# 1991 1.8L 8v cylinder head torquing help!!!



## ihaveagli (Jan 7, 2003)

My coworker has haynes manuals and is very confusing. What is the proper cylinder head torque procedure and cylinder head bolts torque specifications for a *1991* 1.8 8v? His book is very vague. Also are the bolts torque to yield and new ones are needed or can they be reused. Thanks greatly!

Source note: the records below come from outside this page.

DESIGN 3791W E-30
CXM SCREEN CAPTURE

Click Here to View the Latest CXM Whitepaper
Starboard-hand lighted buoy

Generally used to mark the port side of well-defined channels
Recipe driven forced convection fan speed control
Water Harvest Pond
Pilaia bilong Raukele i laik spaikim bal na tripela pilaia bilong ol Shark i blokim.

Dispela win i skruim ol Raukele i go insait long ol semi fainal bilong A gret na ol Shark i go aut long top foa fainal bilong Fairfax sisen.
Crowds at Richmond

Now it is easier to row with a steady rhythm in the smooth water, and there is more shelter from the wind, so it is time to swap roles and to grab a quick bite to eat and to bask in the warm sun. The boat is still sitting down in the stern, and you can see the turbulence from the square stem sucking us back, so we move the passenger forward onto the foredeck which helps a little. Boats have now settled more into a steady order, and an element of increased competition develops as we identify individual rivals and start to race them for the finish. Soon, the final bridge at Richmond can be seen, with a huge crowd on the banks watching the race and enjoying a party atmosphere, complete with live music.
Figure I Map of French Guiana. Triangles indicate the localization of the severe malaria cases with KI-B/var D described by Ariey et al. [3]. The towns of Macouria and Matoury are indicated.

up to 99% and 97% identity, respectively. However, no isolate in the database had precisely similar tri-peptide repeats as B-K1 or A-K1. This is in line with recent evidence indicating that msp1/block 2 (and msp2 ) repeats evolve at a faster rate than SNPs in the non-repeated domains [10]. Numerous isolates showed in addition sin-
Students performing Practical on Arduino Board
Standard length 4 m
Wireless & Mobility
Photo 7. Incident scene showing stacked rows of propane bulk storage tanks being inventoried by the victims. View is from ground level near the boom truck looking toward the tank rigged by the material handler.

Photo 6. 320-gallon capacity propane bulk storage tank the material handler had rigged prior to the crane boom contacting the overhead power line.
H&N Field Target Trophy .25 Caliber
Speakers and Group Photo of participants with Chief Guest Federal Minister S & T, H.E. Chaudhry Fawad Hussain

_Modified by ihaveagli at 4:00 PM 1-22-2010_


----------



## epjetta (Sep 19, 2006)

*Re: 1991 1.8L 8v cylinder head torquing help!!! (ihaveagli)*

they are torque to yeild. but many people have reused them with no issues including myself. 1st step 33lb/ft, 2nd step 44lb/ft. for the third and fourth step you turn them 90degrees each time.


----------



## TheMajic86GTI (Aug 9, 2009)

*Re: 1991 1.8L 8v cylinder head torquing help!!! (ihaveagli)*


_Quote, originally posted by *ihaveagli* »_ His book is very vague. 

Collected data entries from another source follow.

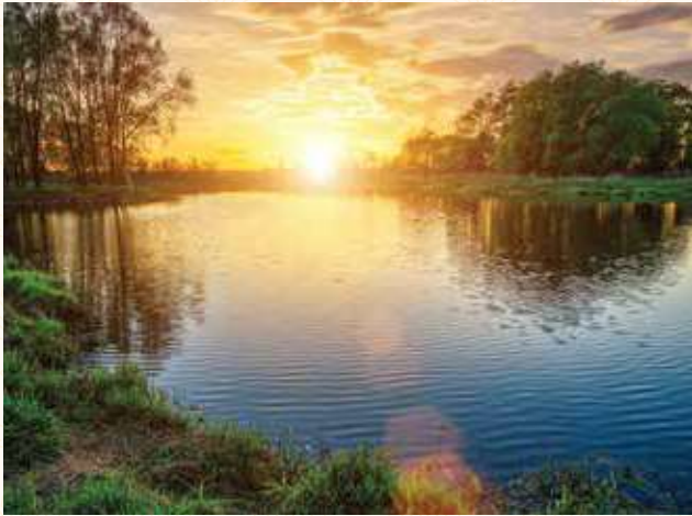
Adjacent to Reserve Forest and Lake
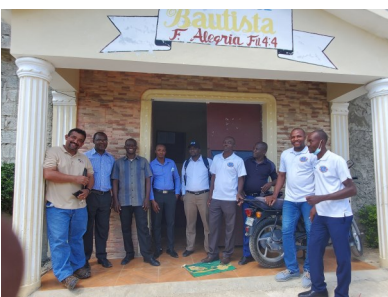
With some pastors from the Haitian Baptisp Association. Planning the conference.
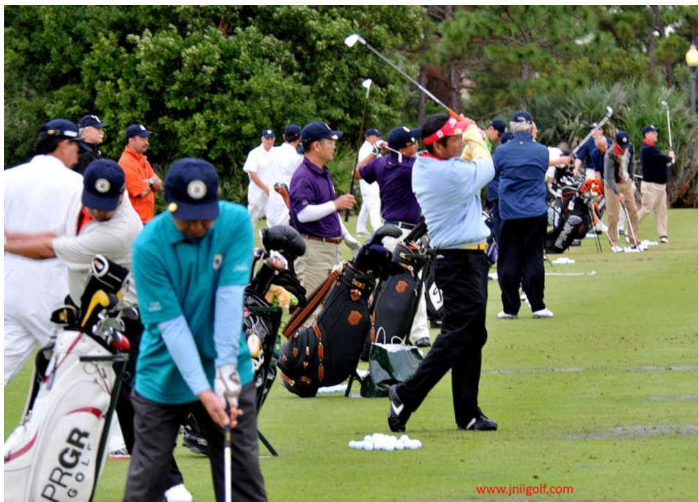
Players at the 2009 JNII Tournament of Champions warm up before their final round of competition at The Bear's Club under the watchful eyes of their team captains and professional caddies.
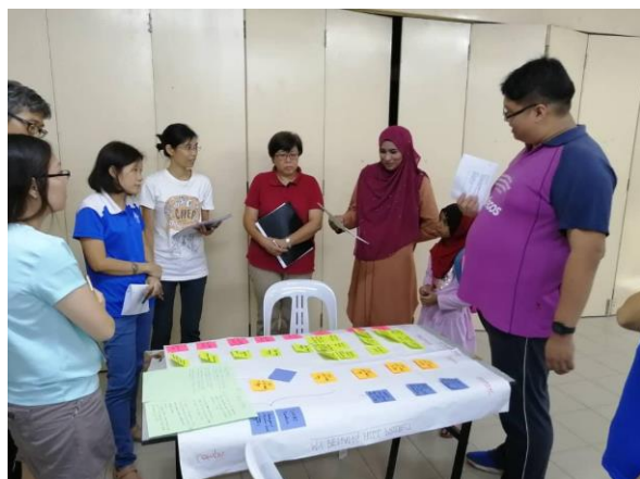
Teachers planning the programme sequences and creative activities

Number of participating teachers: 12 | Number of schools: 3 SMK Air Itam, SMK Abdullah Munshi, Penang Chinese Girls' Private High School
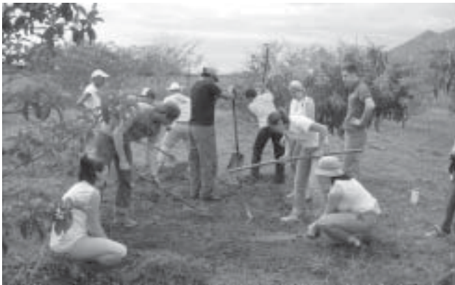
"Laboring in God's vineyard"-- or, in this case, orchard!

The average yearly salary of the people in this largely agricultural area is $600 and many villages have no electricity and have very primitive and undependable water supplies. The hurricane breached the dam that supplied the area with water, greatly reducing the supply and causing great hardship.
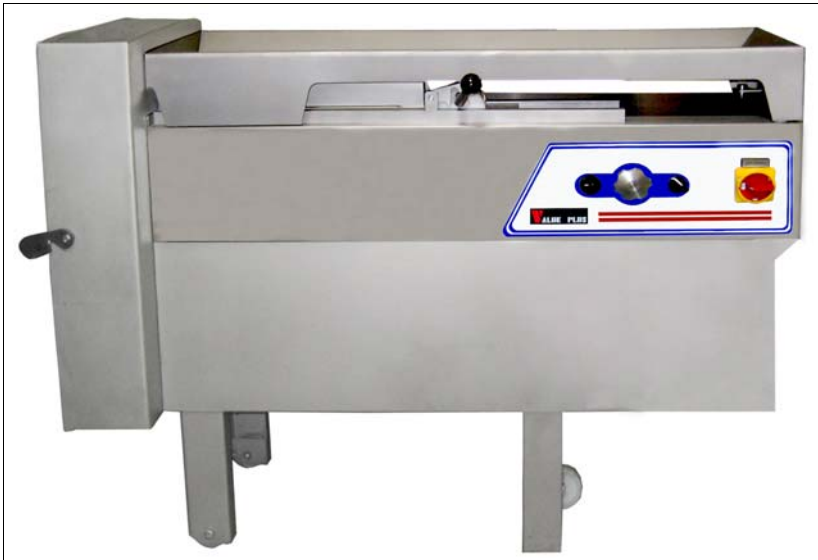
Dicer: MD-1000 Automatic Dicer
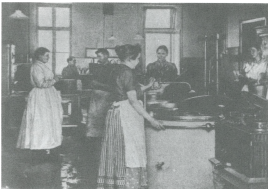
Fig. 5. Landesspital. Kitchen.

Ive got the Haynes book in front of me...Nothing vague about it..explains it perfectly...Maybe u guys are over analyzing it.

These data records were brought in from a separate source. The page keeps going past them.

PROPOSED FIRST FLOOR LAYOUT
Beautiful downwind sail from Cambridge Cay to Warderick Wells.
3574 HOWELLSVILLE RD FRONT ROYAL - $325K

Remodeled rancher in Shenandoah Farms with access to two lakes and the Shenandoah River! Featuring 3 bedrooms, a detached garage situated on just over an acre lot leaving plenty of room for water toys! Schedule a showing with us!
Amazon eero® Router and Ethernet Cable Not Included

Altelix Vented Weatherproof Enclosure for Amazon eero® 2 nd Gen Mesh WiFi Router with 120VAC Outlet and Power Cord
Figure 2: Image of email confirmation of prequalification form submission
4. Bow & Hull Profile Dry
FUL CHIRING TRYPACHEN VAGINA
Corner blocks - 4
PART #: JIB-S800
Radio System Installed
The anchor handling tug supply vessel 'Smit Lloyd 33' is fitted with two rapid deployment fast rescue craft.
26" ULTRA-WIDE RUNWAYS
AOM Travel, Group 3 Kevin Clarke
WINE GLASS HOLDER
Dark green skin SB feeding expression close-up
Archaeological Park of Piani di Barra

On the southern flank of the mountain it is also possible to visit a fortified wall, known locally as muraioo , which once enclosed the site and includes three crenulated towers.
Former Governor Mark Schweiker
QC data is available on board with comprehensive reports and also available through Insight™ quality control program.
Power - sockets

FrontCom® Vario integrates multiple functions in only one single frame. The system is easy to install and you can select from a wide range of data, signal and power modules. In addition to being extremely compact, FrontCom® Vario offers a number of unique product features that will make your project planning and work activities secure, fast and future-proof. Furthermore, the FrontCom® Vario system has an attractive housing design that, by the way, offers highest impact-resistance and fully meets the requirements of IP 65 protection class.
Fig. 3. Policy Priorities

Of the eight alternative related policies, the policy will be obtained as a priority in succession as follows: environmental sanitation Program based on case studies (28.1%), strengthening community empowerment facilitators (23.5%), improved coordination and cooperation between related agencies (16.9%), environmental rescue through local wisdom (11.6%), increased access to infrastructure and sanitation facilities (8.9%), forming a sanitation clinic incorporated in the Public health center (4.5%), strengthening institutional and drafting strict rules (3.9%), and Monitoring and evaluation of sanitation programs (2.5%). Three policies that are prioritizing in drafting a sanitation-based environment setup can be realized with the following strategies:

_Quote, originally posted by *ihaveagli* »_Also are the bolts torque to yield and new ones are needed or can they be reused. Thanks greatly!

Oh no here we go again...Yes they are torque to yield...But if ur in a hurry and on budget u can reuse them as long as its a stock or mild stock motor...If u got the extra $25 and bolts are readily available then go for it..

_Quote, originally posted by *ihaveagli* »_What is the proper cylinder head torque procedure and cylinder head bolts torque specifications for a *1991* 1.8 8v? 

step 1. 33 ft lbs
step 2. 44 ft lbs
step 3. tighten an additional 1/2 turn
Bolt tightening procedure
10 4 2 6 8
7 5 1 3 9
This coming straight outa the haynes... http://****************.com/smile/emthup.gif


----------



## TheMajic86GTI (Aug 9, 2009)

*Re: 1991 1.8L 8v cylinder head torquing help!!! (epjetta)*


_Quote, originally posted by *epjetta* »_they are torque to yeild. but many people have reused them with no issues including myself. 1st step 33lb/ft, 2nd step 44lb/ft. for the third and fourth step you turn them 90degrees each time.









Hahaha....u beat me to it epjetta..


----------



## ihaveagli (Jan 7, 2003)

*Re: 1991 1.8L 8v cylinder head torquing help!!! (TheMajic86GTI)*

Thanks guys, this is just what my coworker was telling me.
Is there just 3 steps or 4? I.E. one additional 90 degree turns or two times at 90 degree turns?


----------